The Empty Tomb Answers

Two Questions We Bring to the Tomb, One the Tomb Asks Us

The Gospel of Mark is not a tidy book. It ends, famously, without resolution — the women flee the empty tomb, trembling and astonished, and say nothing to anyone. No appearance of the risen Christ. No triumphant closing scene. Just silence and fear and an open question hanging in the air.

And yet, for two thousand years, that unresolved ending has been the point.

Some well-meaning monk or church historian, apparently convinced that a proper gospel needed a proper ending, added additional material — verses that appear in many Bibles today, but with a marginal note acknowledging they were absent from the earliest manuscripts. The impulse is understandable. Open endings are uncomfortable. We want resolution.

But Mark's ending is not a mistake. It is an invitation.

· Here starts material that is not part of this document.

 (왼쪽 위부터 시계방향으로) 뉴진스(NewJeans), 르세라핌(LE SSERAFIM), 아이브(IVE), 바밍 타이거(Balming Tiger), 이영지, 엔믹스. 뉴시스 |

The Gospel of Mark invites us to bring our own unresolved lives — our question marks, our losses, our failures, our doubts — to the empty tomb. Why did that happen to me? Or When will this be fixed? Or Is there hope for failures like me? We’re invited to bring those to the empty tomb. But when we arrive, we discover that the tomb has a question of its own for us.

I. What Is the Worst Thing That Has Ever Happened to You?

The Women at the Tomb

Consider the women who came to the tomb that first Easter morning.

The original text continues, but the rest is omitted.